The couple has four children, and eight grandchildren with two more on the way. The busy mother and grandmother has a family tradition, that was started by her mother, of chocolate chip cookies baked fresh on the day the baby is born. No surprise, the grandmother has a bag of frozen cookie dough already shaped in little balls ready for the oven in her freezer.
The First Lady of Northeast Mississippi Community College takes great pride in her role, but she has not given up on her ministry.
She said, “If you’re a Christian there is always a ministry to do, and the Lord has equipped you, and you need to use it.”
LuAnne Ford was nominated as the March Cook of the Month by Donna Cleveland. To nominate a favorite cook to be featured as the Banner-Independent Cook of the Month, email boone email@example.com
Sweet Potato Casserole
4 cups mashed cooked sweet potatoes
1 cup sugar
1/2 teaspoon salt
3 cups miniature marshmallows
1 cup chopped nuts
1 cup shredded coconut
1 stick melted butter
Combine sweet potatoes, sugar and salt.

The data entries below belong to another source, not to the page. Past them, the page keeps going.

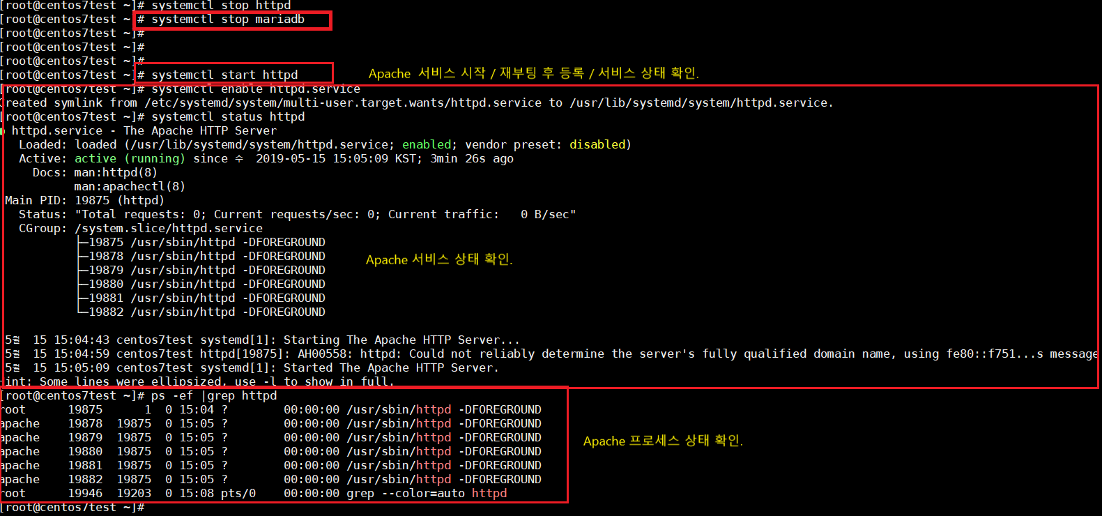 Apache 서비스 시작 / 재부팅 후 등록 / 서비스 상태 확인 / 프로세스 상태 확인
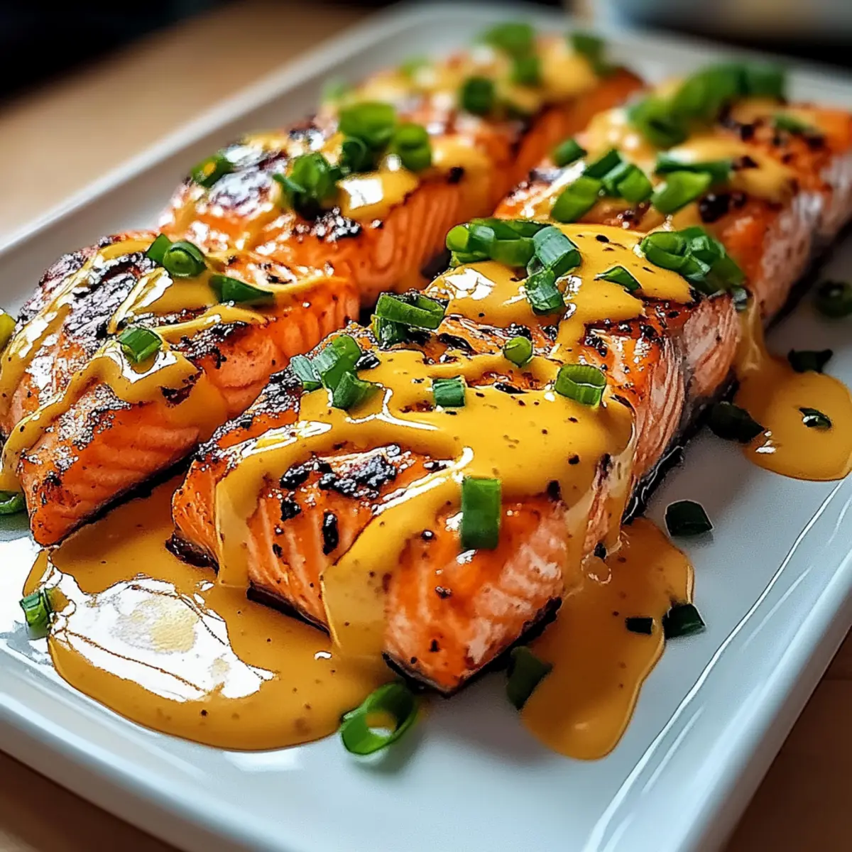 - Remove the salmon from heat, rest for 1 minute, drizzle with Bang Bang sauce, and serve.
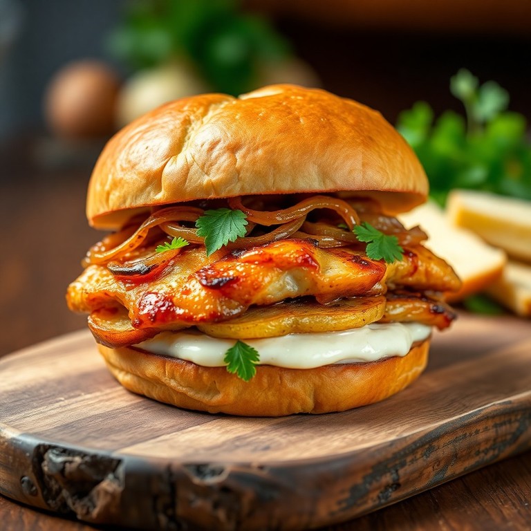 - Grilled Chicken Sandwich with Onion and Garlic Sauce
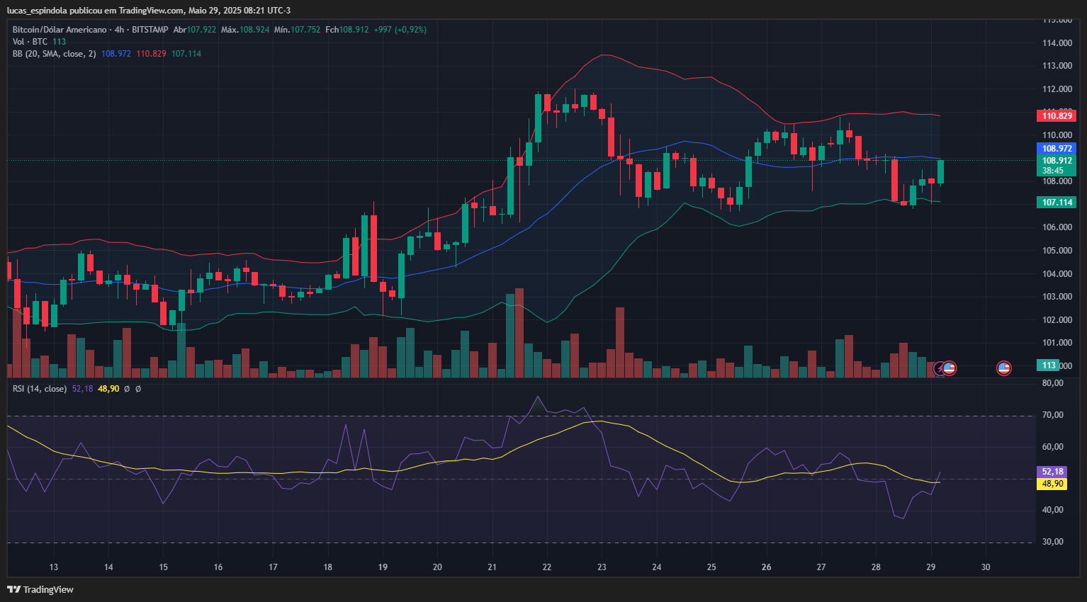 O Bitcoin (BTC) iniciou a quinta-feira (29) com alta de 0,93%, sendo cotado a US$ 108.914 no gráfico de 4 horas. O movimento mostra uma reação positiva após o suporte em US$ 107.114 segurar a queda dos últimos dias. A recuperação ocorre dentro de uma zona de consolidação, ainda abaixo da resistência crítica de US$ 110.829.
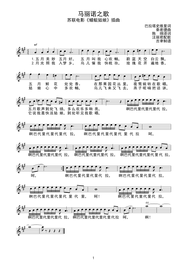 玛丽诺之歌 电影 蜻蜓姑娘 插曲 前苏联
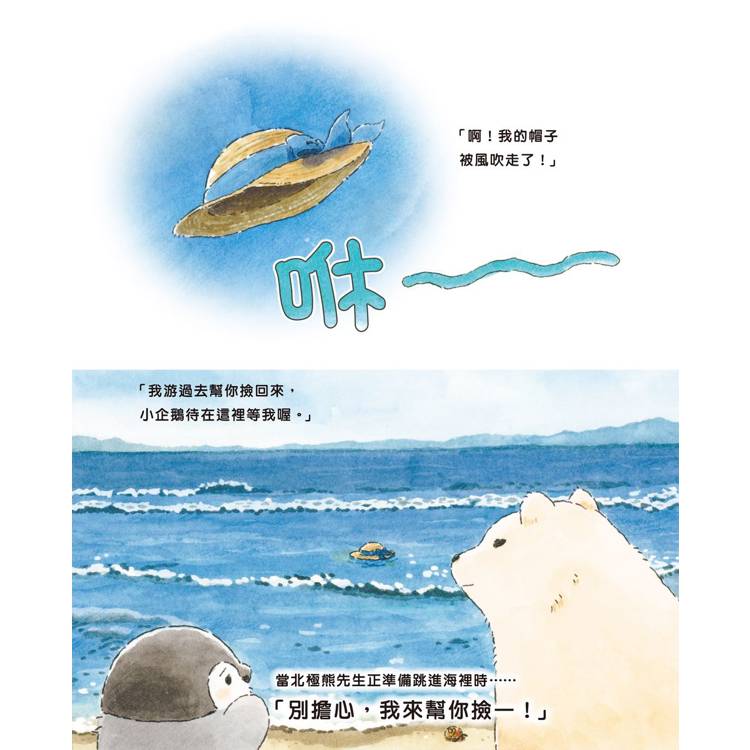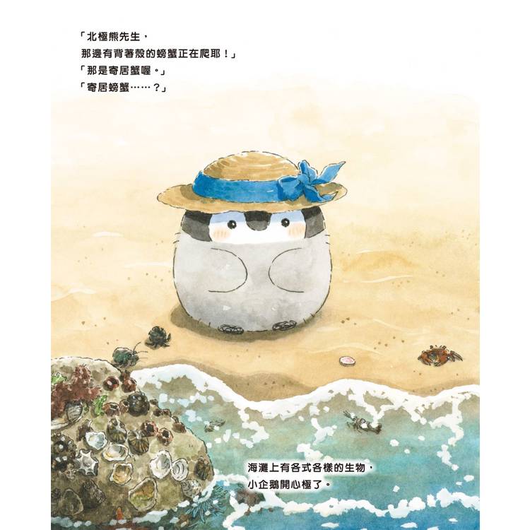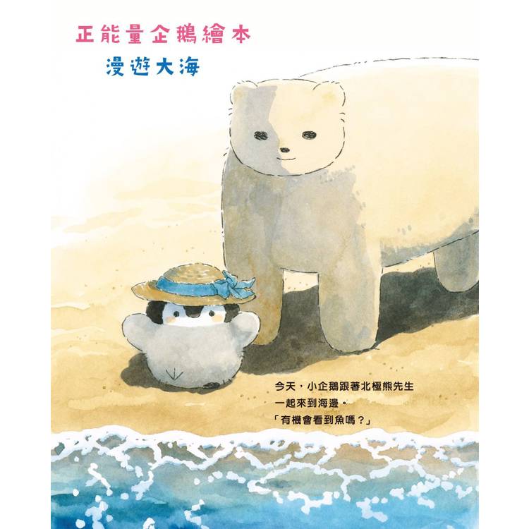 有一天,小企鵝跟著北極熊先生一起來到海邊。
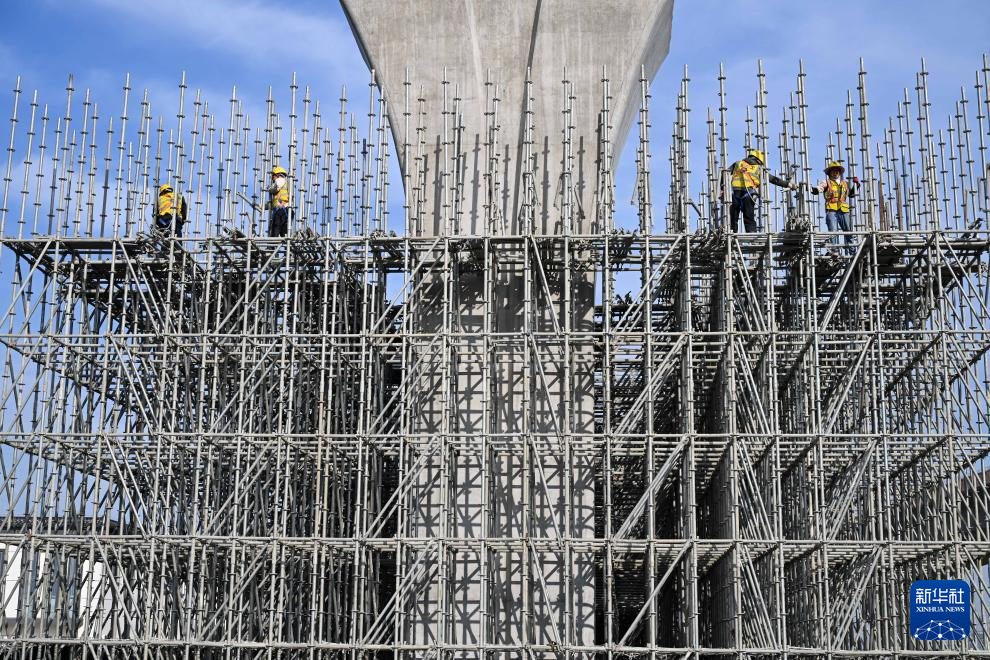 2月3日,中铁建城通公司工人进行盘扣支架搭设(无人机照片)。

Put into greased 13 X 9 casserole dish. Spread marshmallows on top. Sprinkle with coconut and nuts. Melt butter and pour over all.
Bake in preheated 350 degree oven for 30 minutes or until bubbly and marshmallows are lightly browned.
Crunchy Romaine Salad
1 bunch of romaine, torn
4 green onions, chopped
1 1/2 cups chopped broccoli, optional
Handful of dried cranberries, optional
1/2 cup sugar
1/2 cup vegetable or canola oil
1/4 cup apple cider vinegar
2 tsp. soy sauce
Salt and pepper to taste
2 T. butter
1 (3 oz) pkg. ramen noodles, broken
Handful of nuts
In a jar with a tight fitting led, combine the sugar, oil, vinegar, soy sauce, salt and pepper; shake well.

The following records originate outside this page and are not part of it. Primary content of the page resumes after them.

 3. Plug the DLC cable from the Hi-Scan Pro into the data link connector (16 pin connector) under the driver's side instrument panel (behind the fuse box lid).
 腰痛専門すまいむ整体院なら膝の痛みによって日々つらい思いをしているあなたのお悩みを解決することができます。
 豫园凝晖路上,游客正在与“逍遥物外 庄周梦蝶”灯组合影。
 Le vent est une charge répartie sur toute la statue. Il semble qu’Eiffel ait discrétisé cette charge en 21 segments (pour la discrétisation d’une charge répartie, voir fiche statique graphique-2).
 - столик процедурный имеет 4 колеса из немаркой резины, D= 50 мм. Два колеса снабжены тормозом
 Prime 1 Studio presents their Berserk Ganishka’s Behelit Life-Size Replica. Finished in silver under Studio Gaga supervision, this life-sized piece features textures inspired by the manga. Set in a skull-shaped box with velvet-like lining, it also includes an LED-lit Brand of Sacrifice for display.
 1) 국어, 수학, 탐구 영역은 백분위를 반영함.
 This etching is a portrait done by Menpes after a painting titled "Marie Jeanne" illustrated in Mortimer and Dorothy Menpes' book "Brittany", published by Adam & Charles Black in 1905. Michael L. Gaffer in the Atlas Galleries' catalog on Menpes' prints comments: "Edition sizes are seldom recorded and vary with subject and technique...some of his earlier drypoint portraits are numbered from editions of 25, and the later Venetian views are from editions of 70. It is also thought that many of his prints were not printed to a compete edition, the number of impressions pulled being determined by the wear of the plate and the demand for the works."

Discard seasoning packet from noodles or save for another use. In a skillet, sauté noodles and nuts in butter until golden.
In a large bowl, combine romaine, broccoli, onions and cranberries. Just before serving, toss with dressing and sprinkle topping over all.

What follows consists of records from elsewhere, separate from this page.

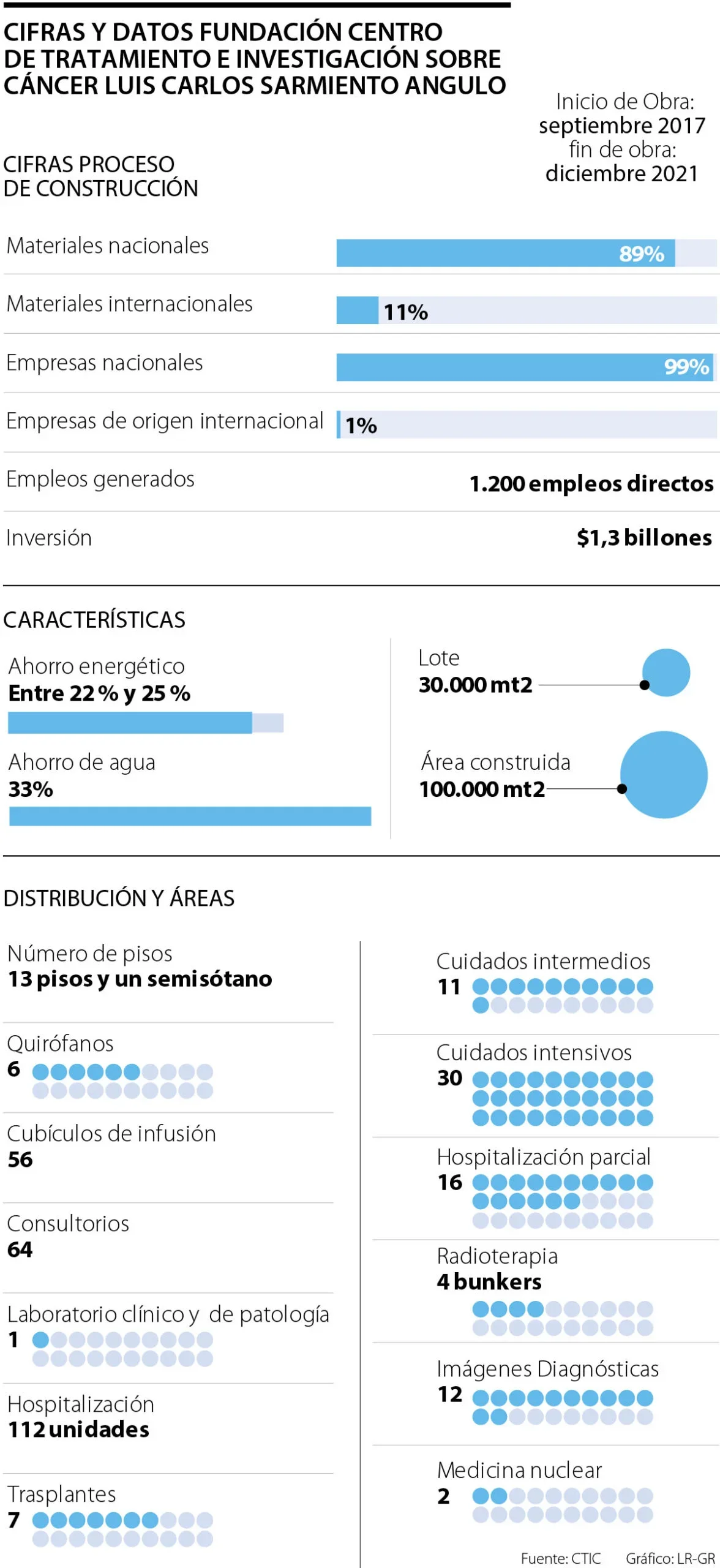 La capacidad de atención médica de alta complejidad de Colombia recibirá hoy un impulso, cuando abra sus puertas el nuevo Centro de Tratamiento e Investigación sobre Cáncer Luis Carlos Sarmiento Angulo (Ctic), gracias a una inversión de $1,3 billones. Entre otras cosas sumará más de 176 nuevas habitaciones, iluminadas con luz natural.
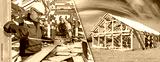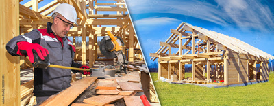 Man builder with tape measure in hands. Construction of wooden house. Man builder worker in gray uniform. Frame of wooden house under blue sky. Construction of frame building. Erection of real estate
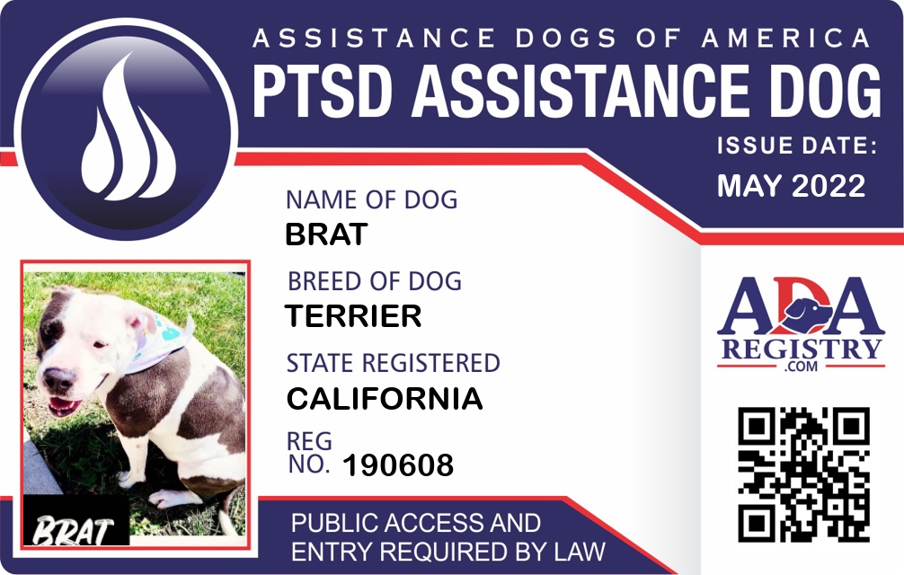 PTSD Assistance Dog Registration for Brat
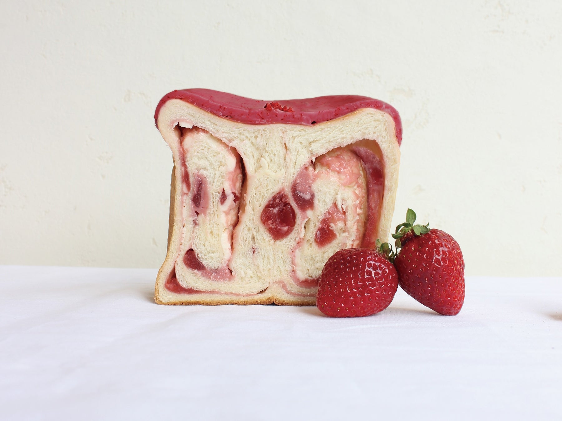 可愛くて、美味しくて、ずっしり。生地はてまひまをかけて3日間寝かせ、しっとりもっちり。 そんな生地で作るプレミアムストロベリーは、ブランドいちごあまおうクリーム、レアチーズ、ストロベリージュレが宝石のように2つの渦巻きの中でキラキラと輝きます。更にフランボワーズチョコレートをコーティングした、まるでケーキのような食パンをお楽しみください。

Old Fashioned Oatmeal Cookies
1 cup shortening
1 cup brown sugar
1 cup granulated sugar
1 tsp. Vanilla
1 1/2 cups all purpose flour
1 tsp. Salt
1 tsp. Baking soda
3 cups oats
1/2 cup nuts (optional)
Cream shortening and sugars. Add eggs and vanilla, blend. Stir flour, salt and soda together. Stir into creamed mixture.
Stir in oats and nuts, if using.
Place on cookie sheet and bake at 350 for 10 minutes or so.
1/4 cup all purpose flour
1/4 cup butter
1 onion, chopped
1 green bell pepper (or 1 cup), chopped
1 tablespoon chopped garlic
2 cups diced smoked sausage (1 package)
3 cups chopped cooked chicken or turkey
4 cups chicken or turkey broth
1 qt. or 1 28-oz. can diced tomatoes
2 cups cut okra, fresh or frozen (not breaded)
1 teaspoon dried thyme
2 bay leaves
1/2 teaspoon cayenne pepper
1 teaspoon file powder, optional
1 cup rice, brown or white
2 cups chicken or turkey broth or water
In heavy skillet, melt butter. Add flour and continue cooking on medium heat, stirring constantly, until dark brown – a roux. Add onion, bell pepper, and garlic. Cook for 2 minutes. Turn off the heat and set aside.
In a crockpot, combine diced sausage, chicken or turkey, broth, tomatoes, okra and spices. Add sautéed mixture. Stir. Set to cook on high 4 hours or on low 6-8 hours.
Meanwhile, bring water or broth to a boil in a saucepan. Add rice and cover. Turn heat to low and cook for 15 minutes for white rice or 45 minutes for brown rice. When timer goes off, turn off and leave it to sit.
When ready to eat, remove bay leaves from the crockpot. Add the rice and stir to combine. Eat immediately. If the rice is left to sit, it will absorb the liquid in the gumbo making it very thick. Alternately, gumbo may be eaten atop the rice. In this case, spoon some rice in to a bowl separately and then add gumbo on top of rice.